Karachi, for long, has been considered an extremely difficult city to police. The police force of 30,000 is relatively inadequate and the rapidly changing population profile as well as an intricate web of Islamist terrorist groups, compounds the problems of enforcement. Karachi Police, a much-beleaguered force, according to a June 2004 estimate, was deployed at 2,223 mosques and Imambargahs, 869 Madaris (seminaries). Besides, there is also substantial deployment at 103 foreign missions, 31 foreign food outlets, 205 vital installations, 84 temples, 213 churches, 99 multi-national companies and 227 petrol pumps. 100 police mobile vans and 7,000 police personnel are engaged in ‘VIP duty’. That leaves precious little for the routine tasks of policing or for aggressive counter-terrorism activities.

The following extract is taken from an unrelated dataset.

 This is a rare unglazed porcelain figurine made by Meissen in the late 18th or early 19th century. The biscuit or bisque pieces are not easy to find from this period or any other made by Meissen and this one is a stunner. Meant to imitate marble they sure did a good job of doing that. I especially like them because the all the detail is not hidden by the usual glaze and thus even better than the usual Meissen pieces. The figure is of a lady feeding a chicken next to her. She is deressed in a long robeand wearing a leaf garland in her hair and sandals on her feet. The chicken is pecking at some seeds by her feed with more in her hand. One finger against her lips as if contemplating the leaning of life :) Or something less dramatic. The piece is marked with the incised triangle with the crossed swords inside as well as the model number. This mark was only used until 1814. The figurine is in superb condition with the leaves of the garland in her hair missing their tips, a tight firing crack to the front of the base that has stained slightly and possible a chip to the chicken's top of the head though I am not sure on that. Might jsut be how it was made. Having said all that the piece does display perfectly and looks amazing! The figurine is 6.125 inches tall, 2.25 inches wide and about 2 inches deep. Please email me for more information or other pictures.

Within the common and unpredictable nature of terrorism and political violence in Karachi, a new development has added to the complexity. In November 2005, three persons were killed in a car-bomb explosion outside the Pakistan Industrial Development Company building in Saddar Town. The Balochistan Liberation Army (BLA), which was proscribed on April 9, 2006, claimed responsibility for the attack. This was the first instance of an attack claimed by the BLA within Karachi, an indication that unrest and insurgencies that afflict other provinces are now ominously reverberating across the length and breadth of Pakistan.

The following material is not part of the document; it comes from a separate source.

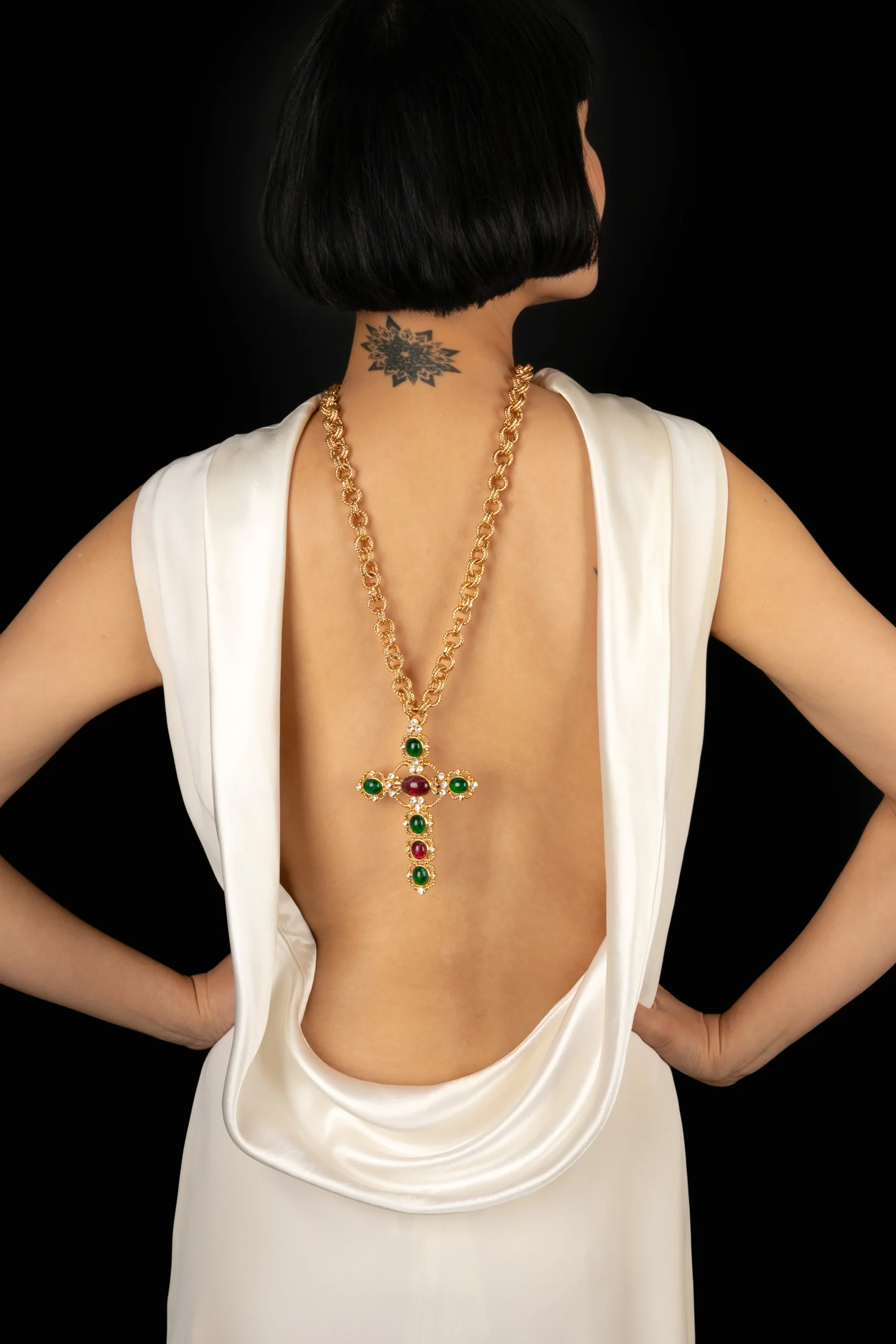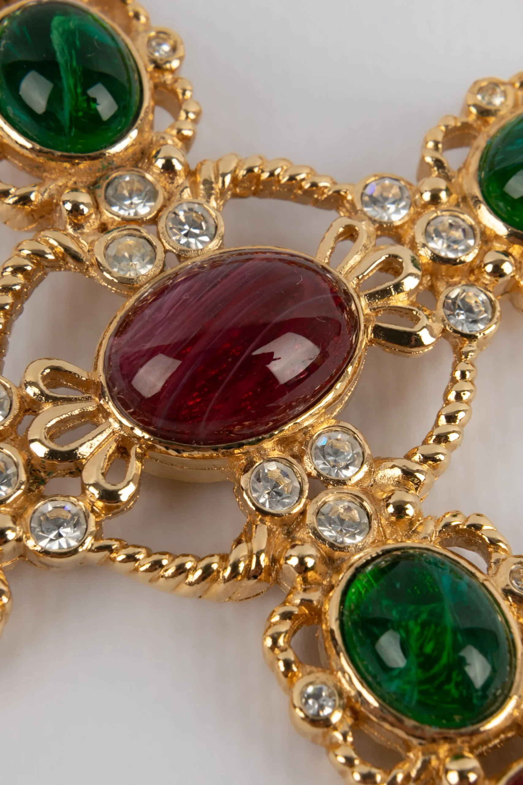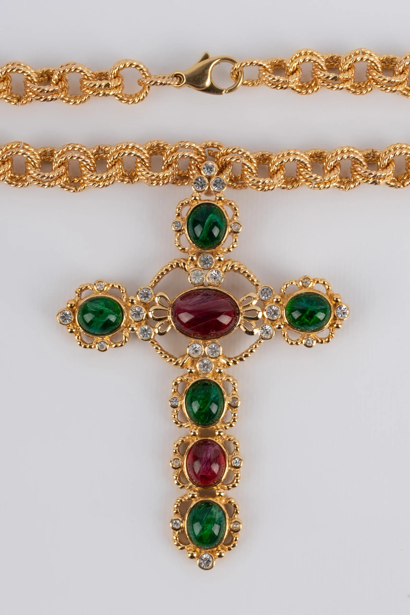 DIOR -Collier en métal doré, pâte de verre et strass.

Disturbances in Karachi, which reportedly generates more than 60 per cent of Pakistan’s total revenue collection, will have national ramifications. The instability due to terrorist violence adversely affects economic activity and dampens investor sentiment. Amidst a plethora of terrorist incidents, thousands of masons, painters, plumbers, carpenters and ordinary workers, who scout for work on a daily basis in the city, are among the worst affected. The three days of shutdown after April 11 are reported to have resulted in a loss of PKR seven billion. “Pakistan’s industry is already finding it difficult to get orders from foreign buyers owing to the law and order situation in Karachi,” said Khalid Ferooz Arfeen, President of the Karachi Chamber of Commerce and Industry, adding, “If these kinds of incidents were not stopped in future, no foreign buyers would sign contract with this country.” With a complete shutdown of industrial activity in the area, and hardly any production, Arfeen noted, “After this incident, we have gone back around one year in business and trade”.

Amidst the seemingly indiscriminate spread of radical Islamist violence, President Pervez Musharraf’s regime, nevertheless, continues to display an extraordinary level of tolerance and encouragement for Jihadi groups.

The writer is a Research Fellow at Institute for Conflict Management, India.